● **Exercise**
Each line in the material below, starting at the one with "これに憤慨したリリは「スイち" and ending at the one with "Can-Filters ha añadido", is to be reproduced exactly; no picture is to be copied.

● **Data provided**
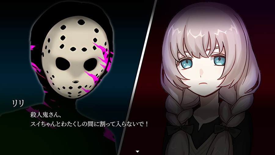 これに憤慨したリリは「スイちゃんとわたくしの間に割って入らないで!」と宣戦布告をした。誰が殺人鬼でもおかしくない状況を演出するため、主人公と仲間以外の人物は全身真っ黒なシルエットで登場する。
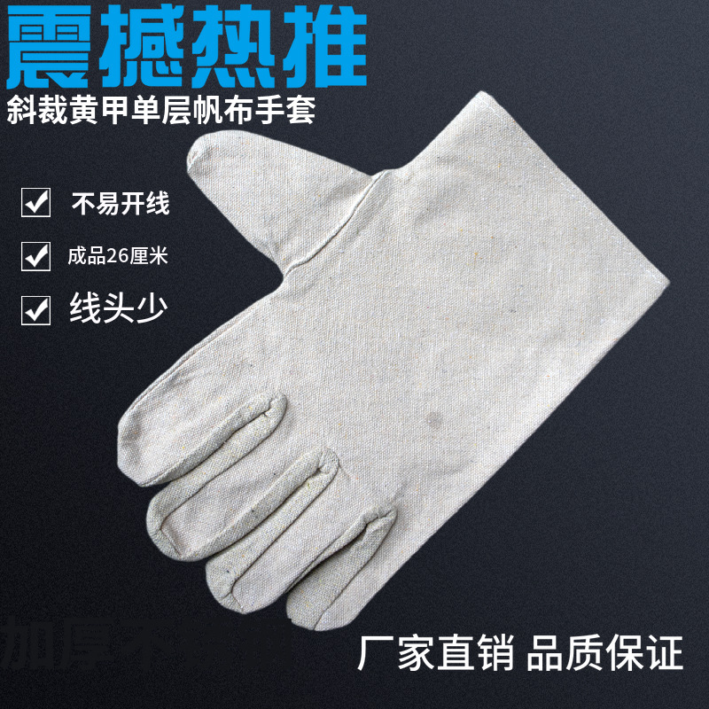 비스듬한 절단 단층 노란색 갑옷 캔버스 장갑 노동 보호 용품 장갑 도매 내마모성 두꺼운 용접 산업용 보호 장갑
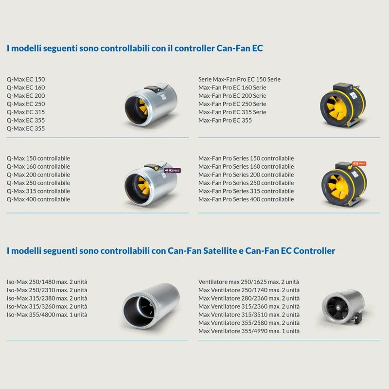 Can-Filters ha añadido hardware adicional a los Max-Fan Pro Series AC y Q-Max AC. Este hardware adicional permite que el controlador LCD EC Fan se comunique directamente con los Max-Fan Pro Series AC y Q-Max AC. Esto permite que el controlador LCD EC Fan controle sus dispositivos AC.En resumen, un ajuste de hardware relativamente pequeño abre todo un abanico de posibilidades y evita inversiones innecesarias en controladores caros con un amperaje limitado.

==

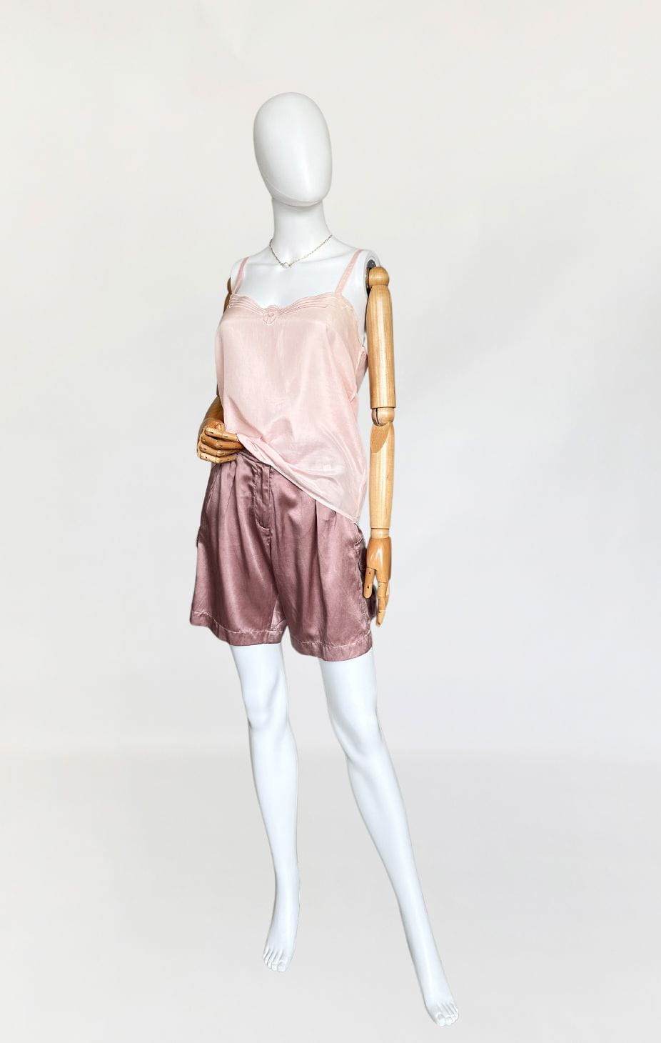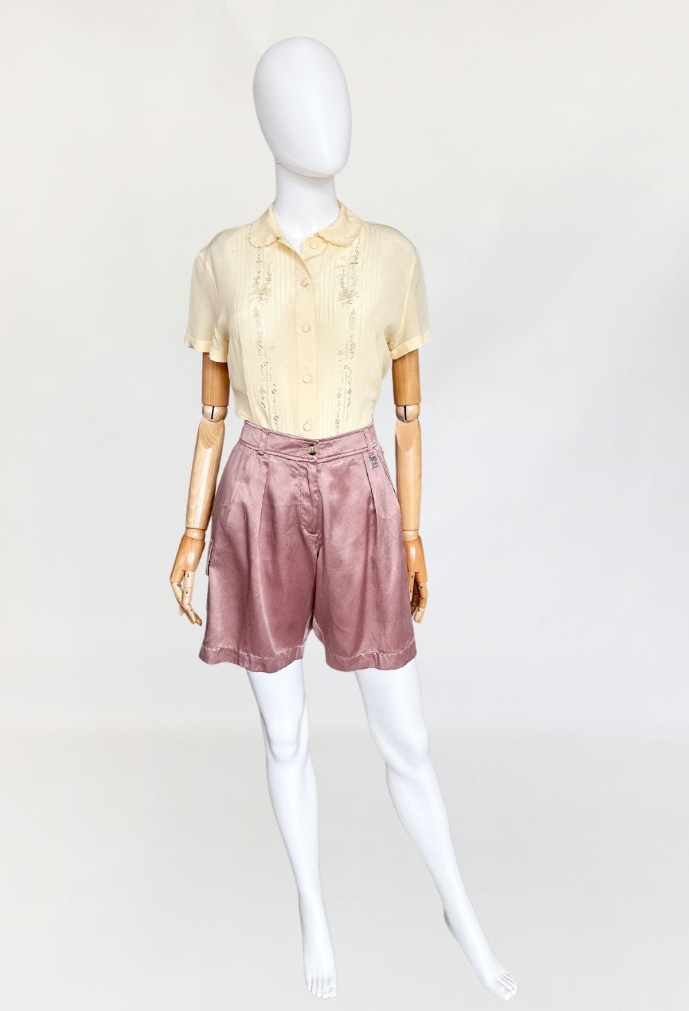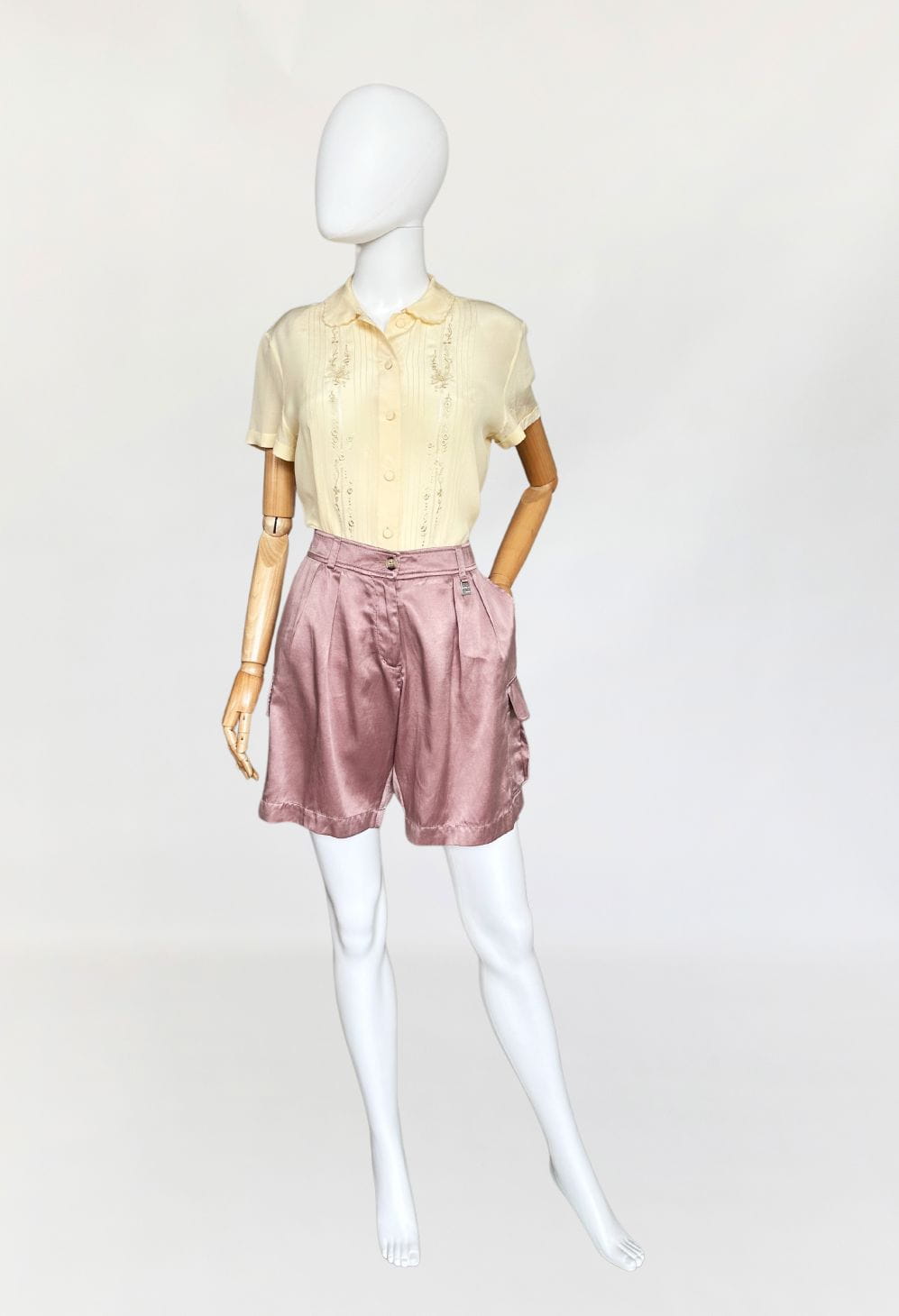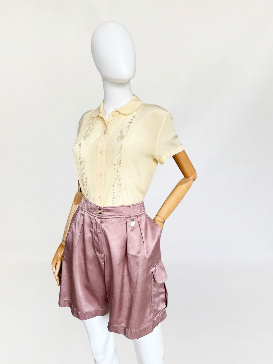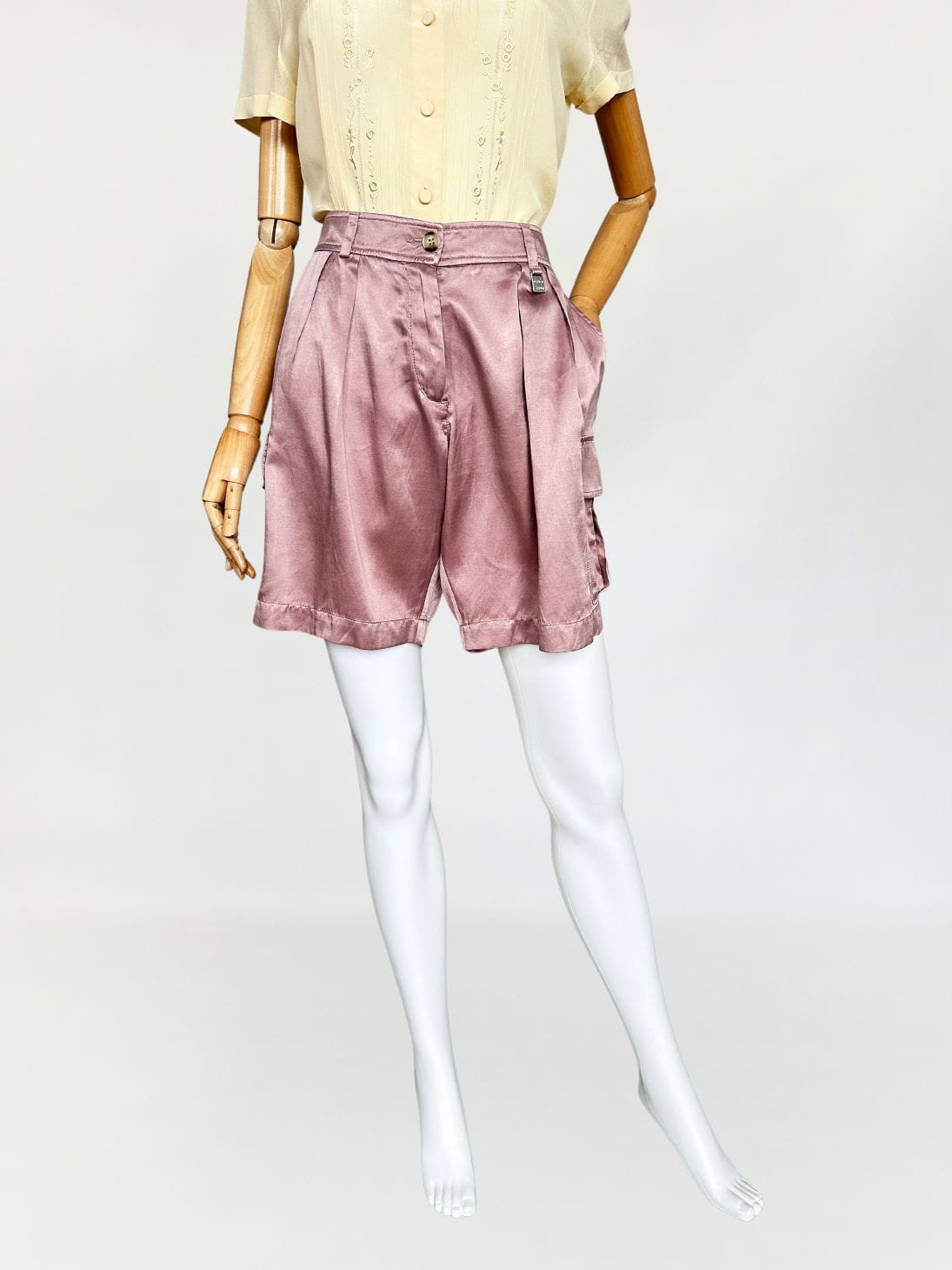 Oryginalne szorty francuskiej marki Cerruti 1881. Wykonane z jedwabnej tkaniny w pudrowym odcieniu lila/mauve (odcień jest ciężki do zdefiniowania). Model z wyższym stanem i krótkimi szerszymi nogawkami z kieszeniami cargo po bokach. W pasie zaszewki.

● **Exercise result**
 これに憤慨したリリは「スイちゃんとわたくしの間に割って入らないで!」と宣戦布告をした。誰が殺人鬼でもおかしくない状況を演出するため、主人公と仲間以外の人物は全身真っ黒なシルエットで登場する。
 비스듬한 절단 단층 노란색 갑옷 캔버스 장갑 노동 보호 용품 장갑 도매 내마모성 두꺼운 용접 산업용 보호 장갑
 Can-Filters ha añadido hardware adicional a los Max-Fan Pro Series AC y Q-Max AC. Este hardware adicional permite que el controlador LCD EC Fan se comunique directamente con los Max-Fan Pro Series AC y Q-Max AC. Esto permite que el controlador LCD EC Fan controle sus dispositivos AC.En resumen, un ajuste de hardware relativamente pequeño abre todo un abanico de posibilidades y evita inversiones innecesarias en controladores caros con un amperaje limitado.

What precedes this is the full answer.